所以这种client对象才可以执行executeFateOperation方法。

查看executeFateOperation方法

分为2步,字面意思send_executeFateOperation方法发送了啥,recv_executeFateOperation方法又接收了啥。显然发送消息是需要重点关心的:

public void send_executeFateOperation(org.apache.accumulo.core.trace.thrift.TInfo tinfo, org.apache.accumulo.core.security.thrift.TCredentials credentials, long opid, FateOperation op, List<ByteBuffer> arguments, Map<String,String> options, boolean autoClean) throws org.apache.thrift.TException
{
  executeFateOperation_args args = new executeFateOperation_args();
  args.setTinfo(tinfo);
  args.setCredentials(credentials);
  args.setOpid(opid);
  args.setOp(op);
  args.setArguments(arguments);
  args.setOptions(options);
  args.setAutoClean(autoClean);
  sendBase("executeFateOperation", args);
}

这个发送的方法把入参的表名、操作类型【Drop表】设置为sendBase方法的入参。

package org.apache.thrift;

/**
 * A TServiceClient is used to communicate with a TService implementation
 * across protocols and transports.
 */
public abstract class TServiceClient {

  protected void sendBase(String methodName, TBase<?,?> args) throws TException {
    sendBase(methodName, args, TMessageType.CALL);
  }


  private void sendBase(String methodName, TBase<?,?> args, byte type) throws TException {
    oprot_.writeMessageBegin(new TMessage(methodName, type, ++seqid_));
    args.write(oprot_);
    oprot_.writeMessageEnd();
    oprot_.getTransport().flush();
  }

}

其中:

package org.apache.thrift.protocol;

/**
 * Message type constants in the Thrift protocol.
 *
 */
public final class TMessageType {
  public static final byte CALL  = 1;
  public static final byte REPLY = 2;
  public static final byte EXCEPTION = 3;
  public static final byte ONEWAY = 4;
}

这个type传入的其实是1。
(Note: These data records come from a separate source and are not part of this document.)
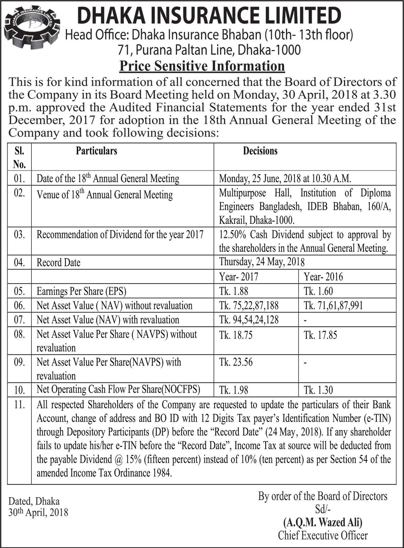 Dhaka Insurance Limited Audited Financial Statements April 2017
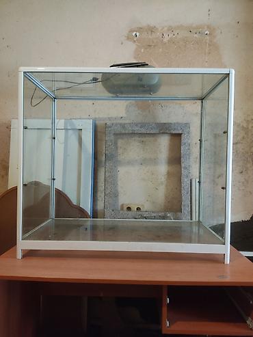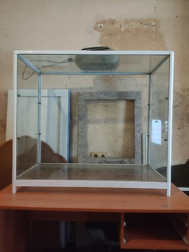 Şüşə vitrin - Material: şəffaf qalın şüşə, metal/plastik ağ karkaslı
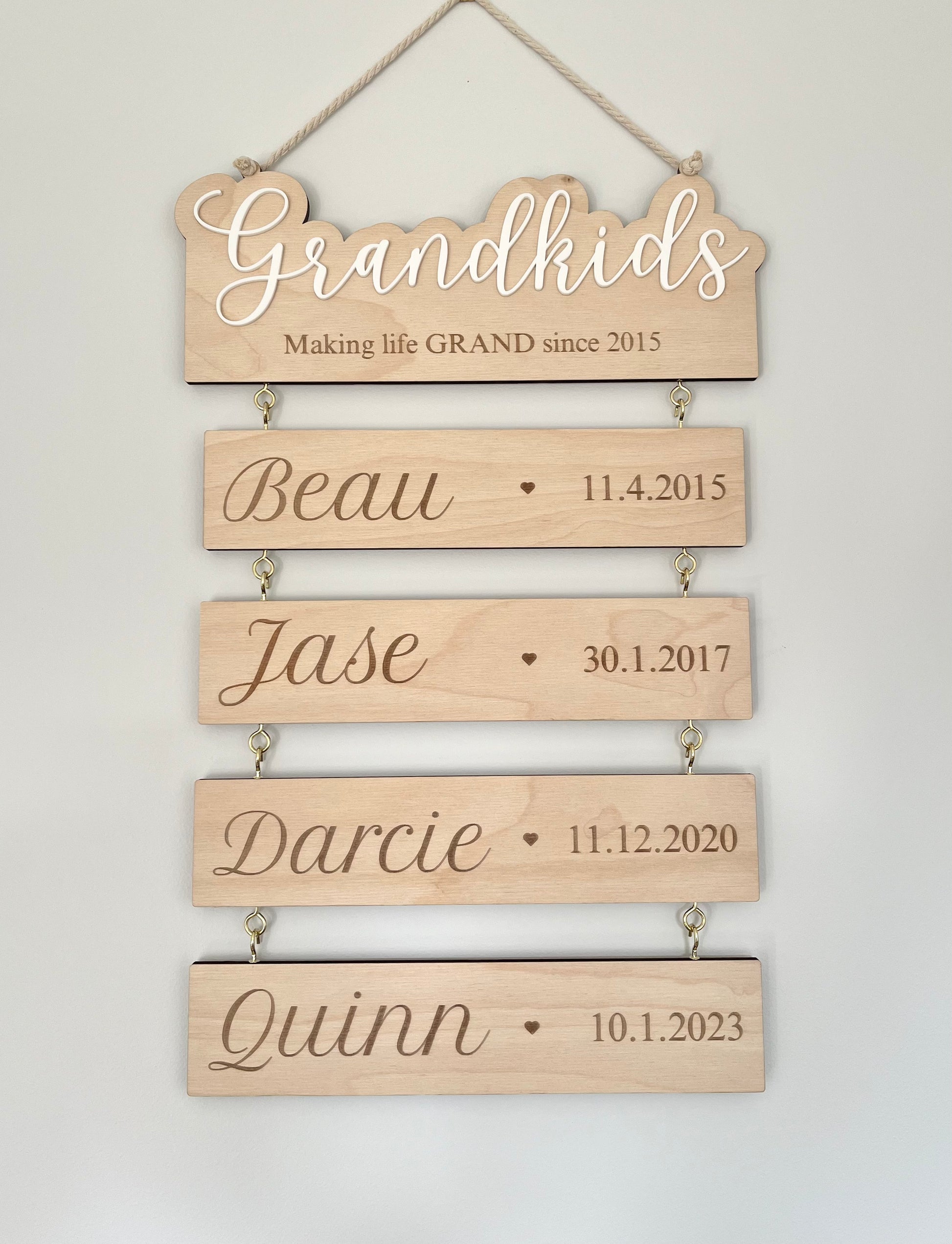 Our Grandkids Wall Hangings are the perfect gift for every grandparent, personalised with each grandchild’s name and birthday.
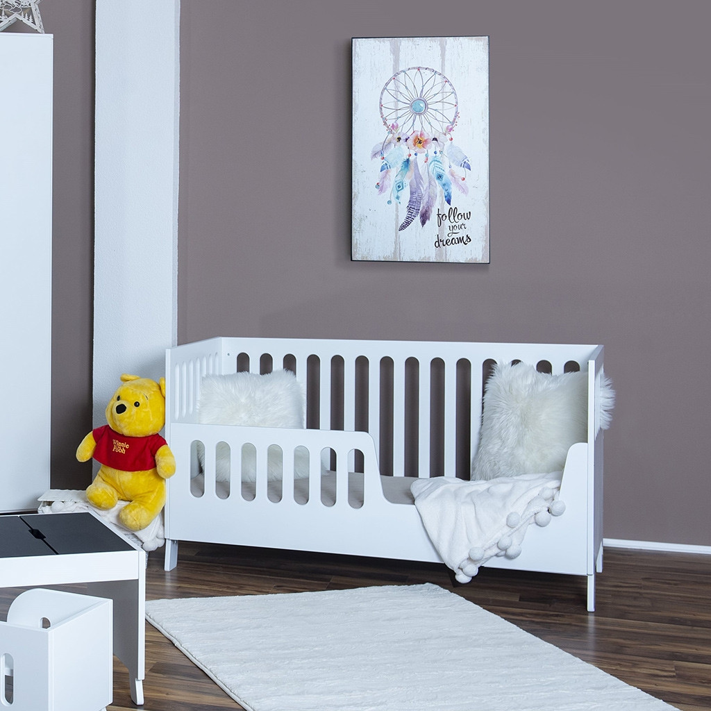 Privoščite svojemu otroku ljubko posteljico KATLIN, ki raste skupaj z njim! Visoka ograjica je namenjena za naše najmlajše, ko otrok nekoliko zraste pa jo lahko zamenjate z nekoliko nižjo ograjico. Posteljica je na voljo v treh različnih barvah in izdelana iz kvalietnih MDF plošč, ki omogočijo kvalietno posteljo za miren in varen spanec.
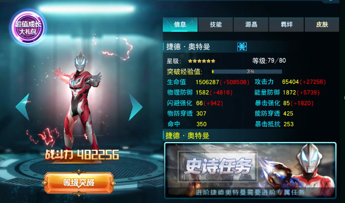 捷德奥特曼虽然是一个能量型英雄,但是捷德奥特曼无论是暴击还是闪避能力都不算太高,但是捷德奥特曼的穿透能力是非常高,可以让捷德奥特曼轻松打出更高的伤害,并且捷德奥特曼的攻击成长非常高,满级之后将会有将近7万的攻击力,这是一个非常恐怖的数字了,很多BOSS甚至连捷德奥特曼一套技能连招都承受不住!
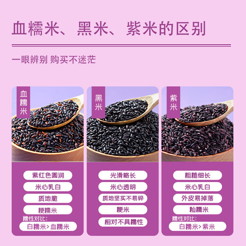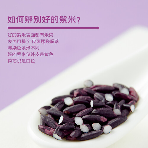 颗粒均匀饱满的纤长米粒,吃起来口感香糯怡人,色泽紫黑,搭配大米蒸煮口感更佳,食味清香。
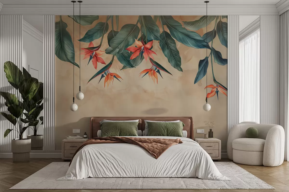 Wall murals Tropical bloom on beige watercolor background Nr. w01485
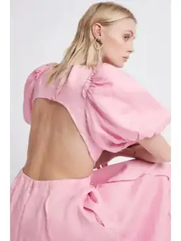 A beautiful mid length dress, with the signature Aje puff sleeve. It has a large cut-out detail at the back, with the top zipper concealed by button detail. Elastic back waist with invisible zipper and side seam pockets!
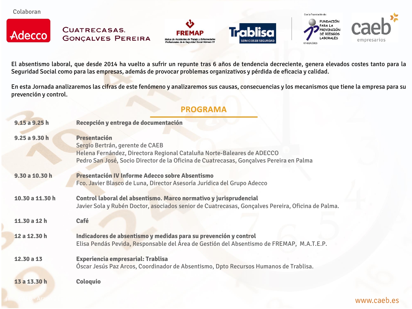 9.30 a 10.30 h Presentación IV Informe Adecco sobre Absentismo
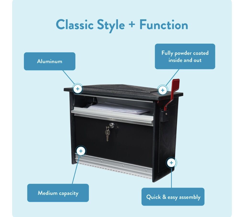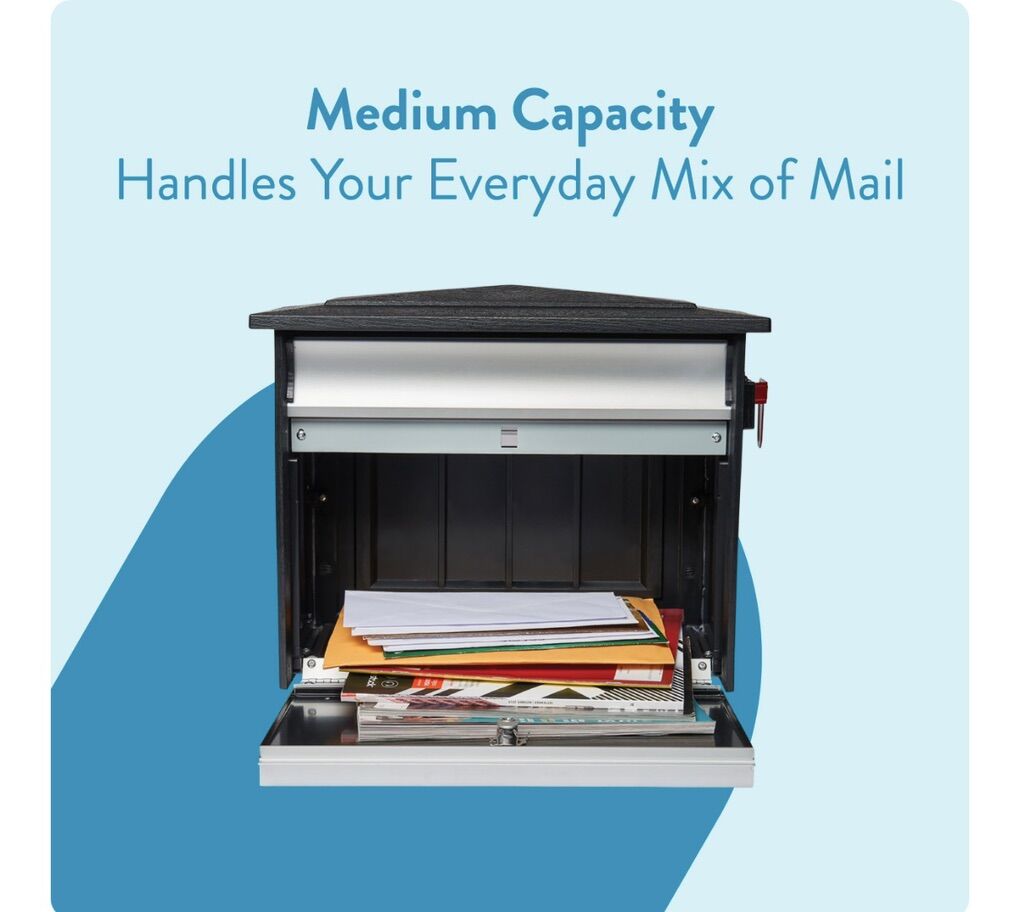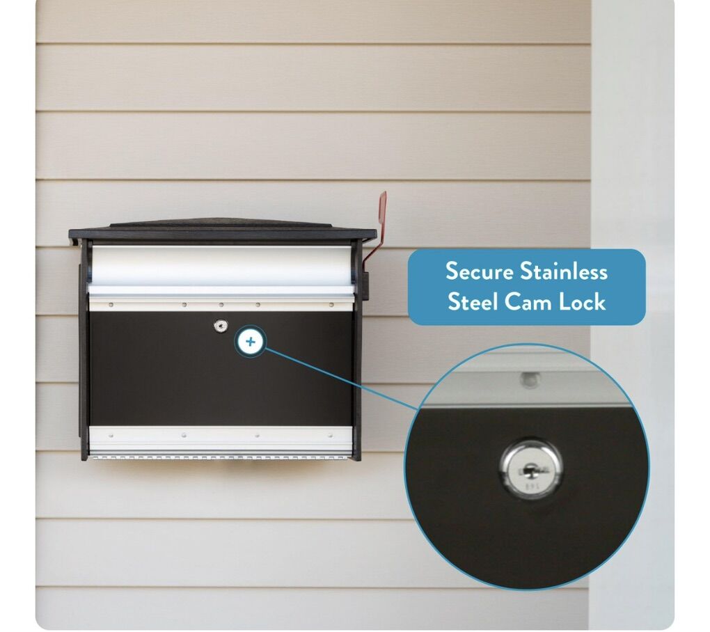 Architectural Mailboxes MailSafe™ Locking, Wall-Mounted Mailbox for Outside, Rust-Resistant Plastic & Aluminum Metal Small Mail Box with Lock and Key Drop Box, Black
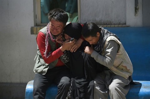 | Des Afghans pleurent leurs proches tués dans un attentat-suicide à Kaboul le 22 avril devant un centre pour les législatives. |

用于构造方法:

package org.apache.thrift.protocol;

/**
 * Helper class that encapsulates struct metadata.
 *
 */
public final class TMessage {

  public TMessage(String n, byte t, int s) {
    name = n;
    type = t;
    seqid = s;
  }

  public final String name;
  public final byte type;
  public final int seqid;


}

另一个泛型TBase:

package org.apache.thrift;

import java.io.Serializable;

import org.apache.thrift.protocol.TProtocol;

/**
 * Generic base interface for generated Thrift objects.
 *
 */
public interface TBase<T extends TBase<?,?>, F extends TFieldIdEnum> extends Comparable<T>,  Serializable {

  /**
   * Reads the TObject from the given input protocol.
   *
   * @param iprot Input protocol
   */
  public void read(TProtocol iprot) throws TException;

  /**
   * Writes the objects out to the protocol
   *
   * @param oprot Output protocol
   */
  public void write(TProtocol oprot) throws TException;
}

按照注释可以知道write方法是把Java的对象输出给协议。

executeFateOperation_args类:

public static class executeFateOperation_args implements org.apache.thrift.TBase<executeFateOperation_args, executeFateOperation_args._Fields>, java.io.Serializable, Cloneable, Comparable<executeFateOperation_args>   {
public void write(org.apache.thrift.protocol.TProtocol oprot) throws org.apache.thrift.TException {
      schemes.get(oprot.getScheme()).getScheme().write(oprot, this);
    }   
}

它的write方法:

package org.apache.thrift.scheme;

import org.apache.thrift.TBase;

public interface IScheme<T extends TBase> {

  public void read(org.apache.thrift.protocol.TProtocol iproto, T struct) throws org.apache.thrift.TException;

  public void write(org.apache.thrift.protocol.TProtocol oproto, T struct) throws org.apache.thrift.TException;

}

又是跳转到接口。。。

在这里插入图片描述

可以看到有2大抽象类。

getScheme拿到的:


package org.apache.thrift.protocol;

import java.nio.ByteBuffer;

import org.apache.thrift.TException;
import org.apache.thrift.scheme.IScheme;
import org.apache.thrift.scheme.StandardScheme;
import org.apache.thrift.transport.TTransport;

/**
 * Protocol interface definition.
 *
 */
public abstract class TProtocol {
  public Class<? extends IScheme> getScheme() {
    return StandardScheme.class;
  }
    
  public abstract void writeMessageBegin(TMessage message) throws TException;
}

显然get到的是StandardScheme类。而writeMessageBegin又是这个抽象类的抽象方法。

该抽象类的继承关系:

在这里插入图片描述

至此可以知道原生支持的协议有这些。最常用的当然就是二进制协议:TBinaryProtocol。

查看TBinaryProtocol二进制协议

package org.apache.thrift.protocol;

import java.io.UnsupportedEncodingException;
import java.nio.ByteBuffer;

import org.apache.thrift.TException;
import org.apache.thrift.transport.TTransport;

/**
 * Binary protocol implementation for thrift.
 *
 */
public class TBinaryProtocol extends TProtocol {
  public void writeMessageBegin(TMessage message) throws TException {
    if (strictWrite_) {
      int version = VERSION_1 | message.type;
      writeI32(version);
      writeString(message.name);
      writeI32(message.seqid);
    } else {
      writeString(message.name);
      writeByte(message.type);
      writeI32(message.seqid);
    }
  }
}

可以看出writeMessageBegin方法就是实际的写数据操作,把消息拆分后写出。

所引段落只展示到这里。